During law school, Marty Ginsburg developed testicular cancer. Ruth helped him keep up with his work by bringing him notes from his classes and typing up his papers, while also taking care of their toddler, Jane. Plus, she made the Harvard Law Review. This is the kind of story that defines a certain type of New Woman of Ginsburg’s generation — people whose gift for overachievement and overcoming adversity is so immense, you can see how even a nation of men bent on maintaining the old patriarchal order were simply run over by the force of their determination.

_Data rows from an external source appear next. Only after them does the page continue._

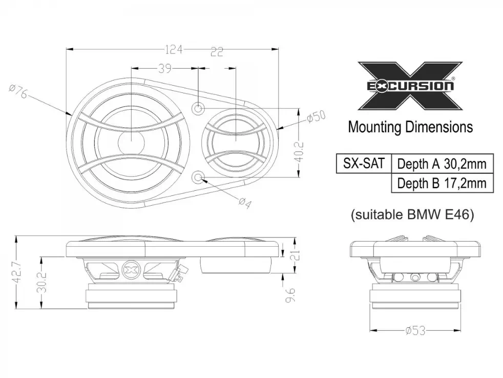 Strona główna » Car Audio » Głośniki samochodowe » Excursion SHX-5.3C dB 3-drożny zestaw głośnikowy: 4 woofery 130mm, średnio-wysokotonowa sekcja SX-SAT, 6 zwrotnic - 1.5ohm, 150/300W, 94dB, 45-20000H
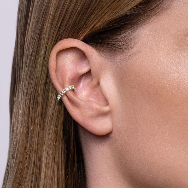 This White Topaz Ear Cuff by Awe Inspired is a simple yet striking piece that shines on its own or pairs beautifully with other styles. Its brilliant white topaz adds just the right touch of elegance and sparkle.
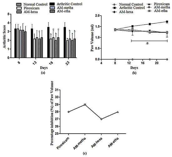 Arthritic index and paw volume. (a) c p < 0.05, b p < 0.01, and a p < 0.001, and (b) a p < 0.001 when other group values were compared with arthritic control; (c) % inhibition when compared with the arthritic control. The highest percentage inhibition was shown by the AM-metha group.
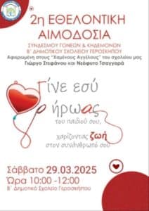 Αιμοδοσία υπό τον τίτλο “Γίνε εσύ ο ήρωας του παιδιού σου, χαρίζοντας ζωή στο συνάνθρωπο σου”
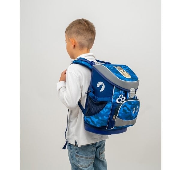 Cusaturile intarite si baza ghiozdanului din plastic confera stabilitate si rezistenta la uzura.
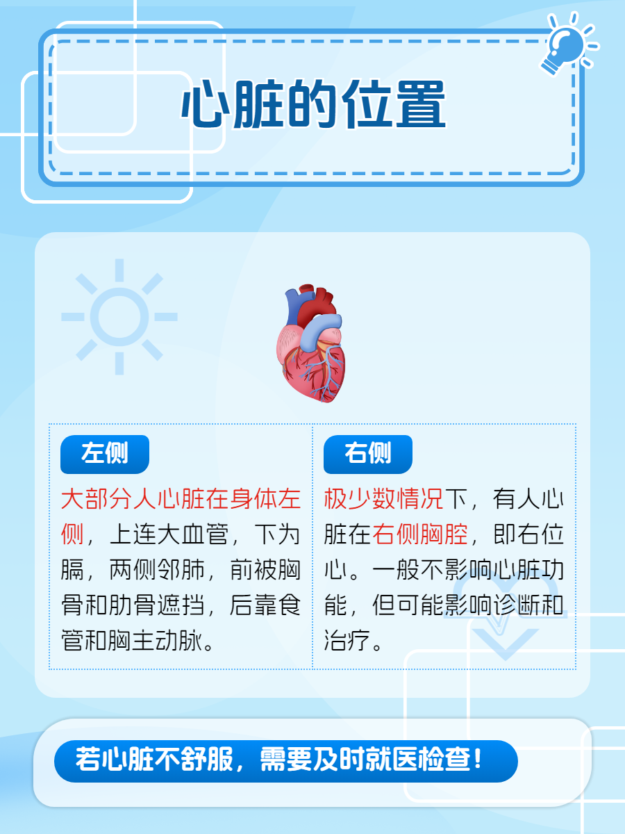 很多人对心脏的位置并不十分确定,时常会有人问起心脏在左侧还是右侧,我认为心脏大部分位于胸腔中部偏左下方,但也有极少数人心脏在右边。👇
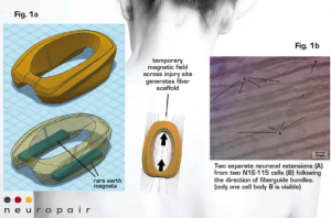 Methods. NeuroPair’s Fibermag™ treatment is applied after the initial, standard stabilization of SCI: The surgeon injects the sterile formulation into the injury site and places a magnetic mouse directly on top of the injury site. The magnetic field assembles the particles into a nontoxic and biodegradable scaffold (see Figures 1a and 1b). After five minutes, the field is removed, the scaffold is in place and remains stable yet flexible for weeks. The guided regrowth of axons and neurites along the magnetic fibers can be seen in vitro by brightfield and fluorescence microscopy over the course of several days and weeks. The Fibermag formulation consists of commercially available core components: biocompatible magnetic nanoparticles and slow-release bioactive factors in a hyaluronic acid-based gel.
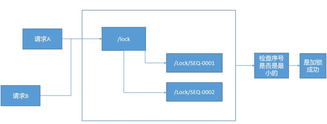 请求A首先来到Zookeeper请求创建临时顺序节点,Zookeeper为请求A生成节点,请求A检查lock目录下自己的序号是否最小,如果是代表加锁成功,B监听节点顺序值小于自己的节点的变化,如果A执行则B去获取锁,如果有C、D等更多的客户端监听,道理是一样的。
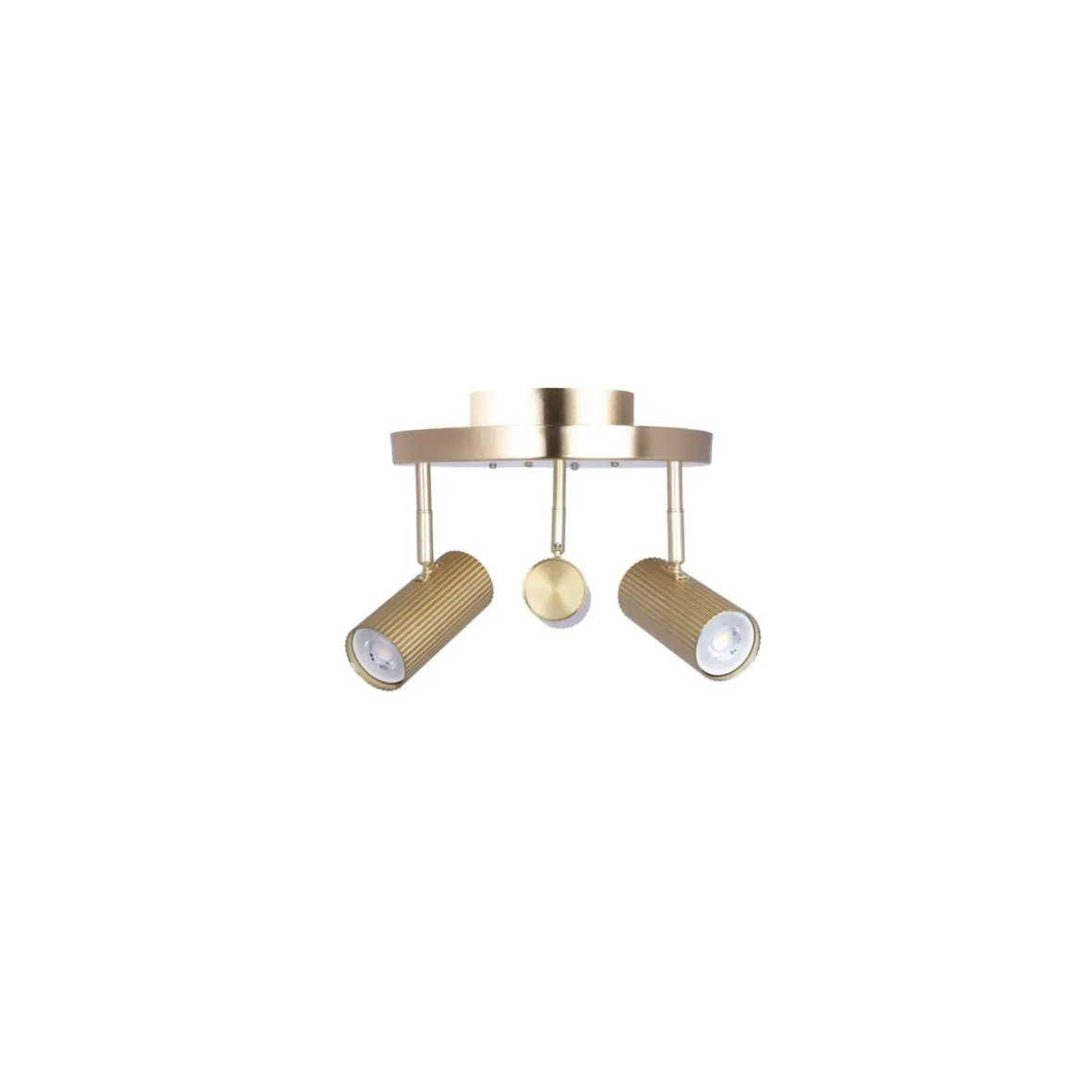 Hubble er et moderne tak med rørformede og ribbede metallskjermer. Skjermen kan vinkles vertikalt og sideveis. Lampen er laget av børstet messingfarget metall.
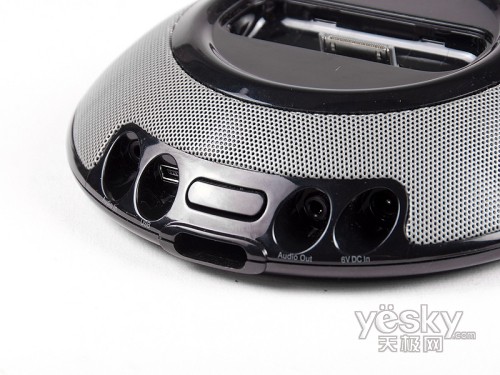 从图片上我们可以看到JBL多媒体音箱的做工都是非常精细的,On stage micro的表面涂层经特殊处理,使用起来历久常新,在On stage micro的中间,我们看到有一个iPod专用的音源插口,方便使用。
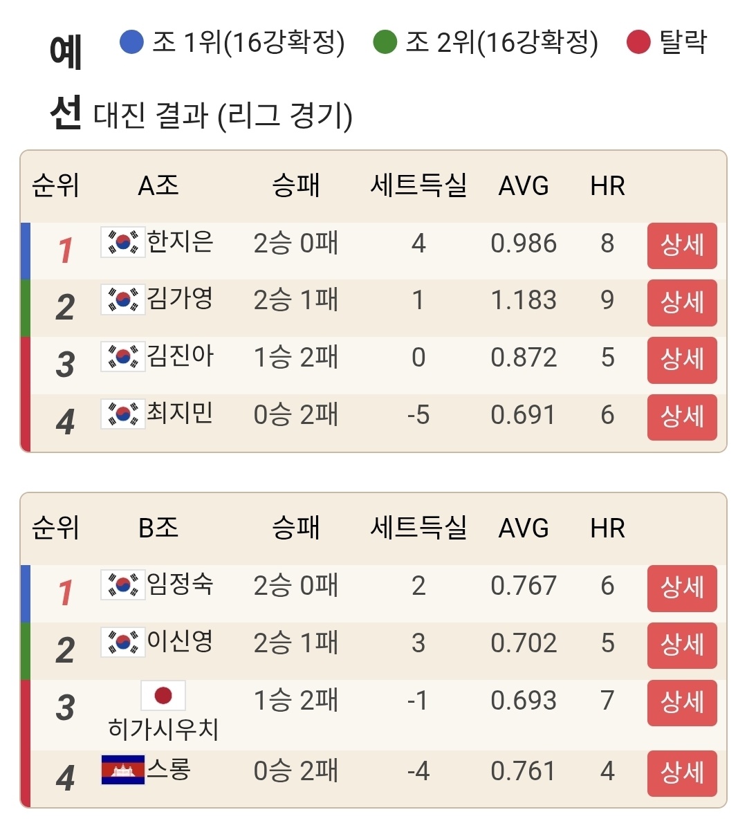 같은 조별리그라도 어디까지는 여유 있게 올라가고, 누군가는 마지막까지 흔들리며 통과합니다. 그래서 최종 순위표를 보면 단순한 승패보다 선수들의 현재 경기 흐름이 더 또렷하게 보이곤 합니다.

Ginsburg was married for 56 years — Marty died in 2010. She has a son, a daughter and four grandchildren. She travels constantly. The day we talked, she was preparing to go off to a meeting of the New York City Bar, where she would introduce Gloria Steinem, who would deliver the Justice Ruth Bader Ginsburg Distinguished Lecture on Women and the Law. A few weeks earlier, at a gathering of the Association of American Law Schools, Ginsburg had introduced her old friend professor Herma Hill Kay, recipient of the Ruth Bader Ginsburg Lifetime Achievement Award. When you reach this kind of stature, there are lots of echoes.

She’s spent much of her life being the first woman doing one thing or another, and when it comes to the retirement question, she has only one predecessor to contemplate — her friend Sandra Day O’Connor, the first female Supreme Court justice, who left the bench at 75 to spend more time with her husband, John, who was suffering from Alzheimer’s disease.

Besides not retiring, another thing Ginsburg is planning not to do is write her memoirs. “There are too many people writing about me already,” she said. There’s an authorized biography in the works, along with several other projects to which she has definitely not given a blessing.

“But now — this is something I like,” she said, picking up a collection of essays, “The Legacy of Ruth Bader Ginsburg.” The justice also seems to be looking forward to an upcoming “Notorious R.B.G.” book, written by Shana Knizhnik, who created the blog, and Irin Carmon of MSNBC. The name started as a play on the name of the Brooklyn gangsta rapper Notorious B.I.G., but it’s taken on a life of its own as a younger-generation tribute to Ginsburg.

“The kind of raw excitement that surrounds her is palpable,” Carmon said. “There’s a counterintuitiveness. We have a particular vision of someone who’s a badass — a 350-pound rapper. And she’s this tiny Jewish grandmother. She doesn’t look like our vision of power, but she’s so formidable, so unapologetic, and a survivor in every sense of the word.”

So Ginsburg is planning to be on the bench when the Supreme Court decides mammoth issues such as the future of the Affordable Care Act and a national right for gay couples to marry. She says she doesn’t know how the health care case will turn out. But like practically every court observer in the country, she has a strong hunch about which way gay marriage will go: “I would be very surprised if the Supreme Court retreats from what it has said about same-sex unions.”

The National Organization for Marriage, a conservative group, recently demanded that Ginsburg recuse herself from the case since she had said that it would not be difficult for the American public to accept a ruling in favor of a national right to gay marriage.

Don’t hold your breath.

Gail Collins is a columnist for The New York Times.